Issue Details (XML | Word | Printable)

Key: HADOOP-730
Type: Improvement Improvement
Status: Closed Closed
Resolution: Fixed
Priority: Major Major
Assignee: Chris Douglas
Reporter: Owen O'Malley
Votes: 0
Watchers: 1
Operations

If you were logged in you would be able to see more operations.
Hadoop Common

Local file system uses copy to implement rename

Created: 16/Nov/06 08:07 AM   Updated: 21/May/08 08:05 PM
Return to search
Component/s: fs
Affects Version/s: 0.8.0
Fix Version/s: 0.17.0

Time Tracking:
Not Specified

File Attachments:
  Size
Text File Licensed for inclusion in ASF works 730-0.patch 2008-02-09 11:52 PM Chris Douglas 2 kB
Text File Licensed for inclusion in ASF works 730-1.patch 2008-02-10 09:09 AM Chris Douglas 2 kB
Text File Licensed for inclusion in ASF works 730-2.patch 2008-02-13 11:04 PM Chris Douglas 1 kB

Resolution Date: 06/Mar/08 09:13 PM


 Description  « Hide
There is a variable LocalFileSystem.useCopyForRename that is set to true. When true, the local file system will implement rename as a copy followed by a delete. This is likely a performance problem. Is there a reason that useCopyForRename is set?

 All   Comments   Work Log   Change History   Subversion Commits      Sort Order: Ascending order - Click to sort in descending order
Doug Cutting added a comment - 16/Nov/06 06:16 PM
I think the issue was that rename isn't guaranteed to work across volumes. Linux 'mv' typically works across volumes these days, by resorting to copying, but I'm not sure what Java's file rename does.

Rod Taylor added a comment - 03/Oct/07 04:11 PM - edited
Couldn't it try the renameTo() operation and if it fails then fallback to the slower copy&delete method?

if (pathToFile(src).renameTo(pathToFile(dst))) { return true; }
else { return FileUtil.copy(this, src, this, dst, true, getConf()); }

would replace

if (useCopyForRename) { return FileUtil.copy(this, src, this, dst, true, getConf()); } } else return pathToFile(src).renameTo(pathToFile(dst));


Doug Cutting added a comment - 03/Oct/07 05:37 PM
> Couldn't it try the renameTo() operation and if it fails then fallback to the slower copy&delete method?

Sounds good to me. That might provide a nice speedup too. Care to provide a patch?


Chris Douglas added a comment - 09/Feb/08 03:59 AM
This implements Rod's idea and updates LocalFileSystem to reflect its semantics.

Hadoop QA added a comment - 10/Feb/08 05:26 AM
-1 overall.
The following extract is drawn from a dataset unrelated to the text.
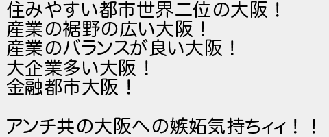 住みやすい都市世界二位の大阪! 産業の裾野の広い大阪! 産業のバランスが良い大阪! 大企業多い大阪! 金融都市大阪! アンチ共の大阪への嫉妬気持ちィィ!!

Here are the results of testing the latest attachment
http://issues.apache.org/jira/secure/attachment/12375163/730-0.patch
against trunk revision 619744.

@author +1. The patch does not contain any @author tags.

tests included -1. The patch doesn't appear to include any new or modified tests.
Please justify why no tests are needed for this patch.

javadoc +1. The javadoc tool did not generate any warning messages.

javac -1. The applied patch generated 614 javac compiler warnings (more than the trunk's current 612 warnings).

release audit +1. The applied patch does not generate any new release audit warnings.

findbugs +1. The patch does not introduce any new Findbugs warnings.

core tests -1. The patch failed core unit tests.

contrib tests +1. The patch passed contrib unit tests.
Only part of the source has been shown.